Disoriented by inadvertent VFR into IMC

Even the most proficient VFR pilot can become disoriented by inadvertent VFR flight into instrument meteorological conditions (IMC).
Photography by Chris Rose
Photography by Chris Rose

Zara Rutherford, who set a mark recognized by the Guinness World Records, was no exception when, on day 30 of her around-the-world endeavor, she stumbled into dense smoke from a lingering wildfire in northern California. Rutherford relays the details of her harrowing flight:

“I was flying north from Palo Alto to Seattle. I was aware there were some thunderstorms in northern California, north of Redding, but I was hoping that I could fly along and stay above the smoke. The smoke started building up and up and up, and I was trying to stay above the layer.

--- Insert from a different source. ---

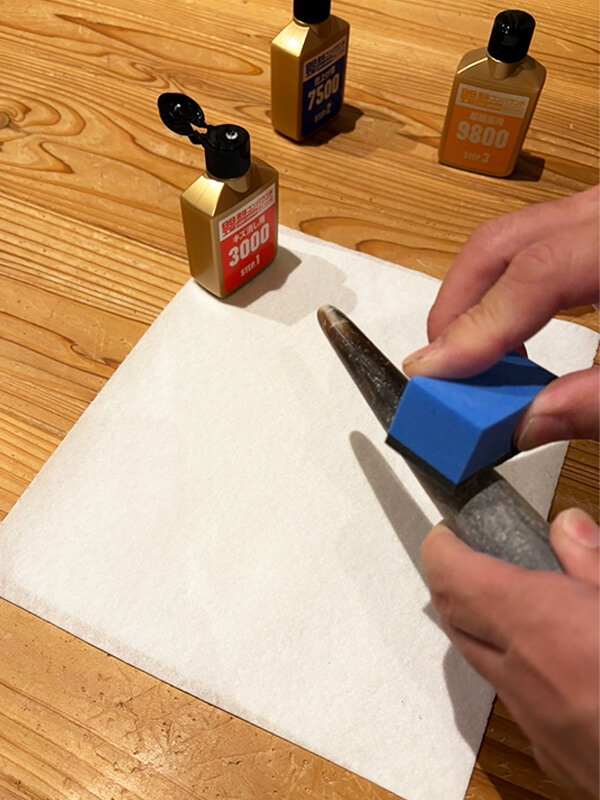 道具とはちょっと違いますが、入社したての頃、手の汗で革を汚し、ひどく怒られた事を今でも憶えています。ハサミで手を切ったり、ハンマーで叩くことも何度もありました。
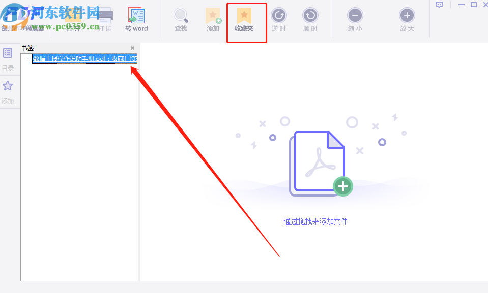 5.最后等到添加成功以后,我们点击界面上方的收藏夹功能,打开收藏夹之后就可以看到自己添加的那一个PDF文件了。

“Then it got to the point where, because the angle of the sun was hitting the smoke, I couldn’t see the ground from my left side anymore, but I could see it from the right side. Then soon, I just couldn’t see the ground at all, and it got just; everything was a brownish, orangish color.

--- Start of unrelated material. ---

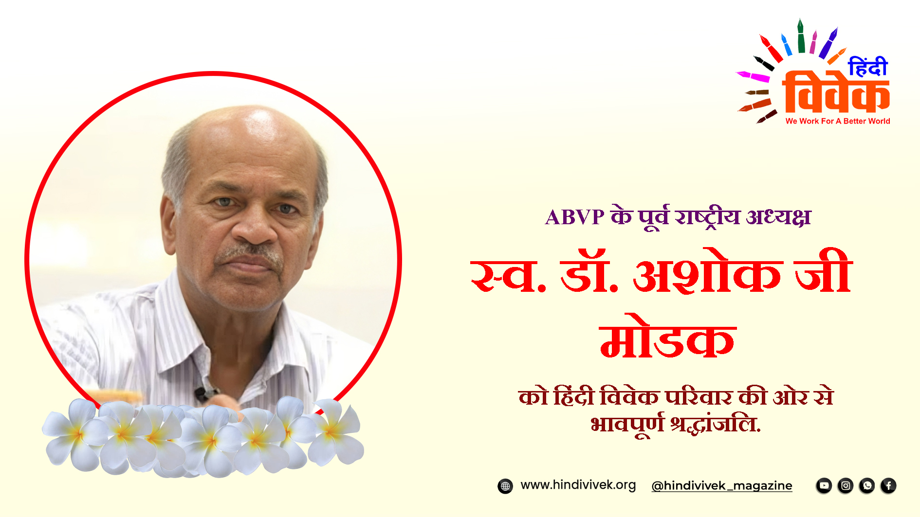 ईश्वर से प्रार्थना है कि उनकी आत्मा को शांति व सद्गति प्रदान करें। हिंदी विवेक परिवार की ओर से उन्हें भावपूर्ण श्रद्धांजलि।

“Then the turbulence got really bad, really quickly. I’m still not sure if that was a result of the wildfires or just a gust of wind. I don’t know what it was. Suddenly, it just got really, really bumpy, and that’s when I decided to turn around and land in Redding.”

Instrument meteorological conditions are recognizable by the quality of the atmosphere encountered. Whatever phase of flight, whatever the cause, if the pilot’s visual cues (visibility, ceiling, and cloud clearance) drop below VFR minimums, the pilot is operating in IMC. It is clear from Rutherford’s brush with smoke how a clear day can turn deadly.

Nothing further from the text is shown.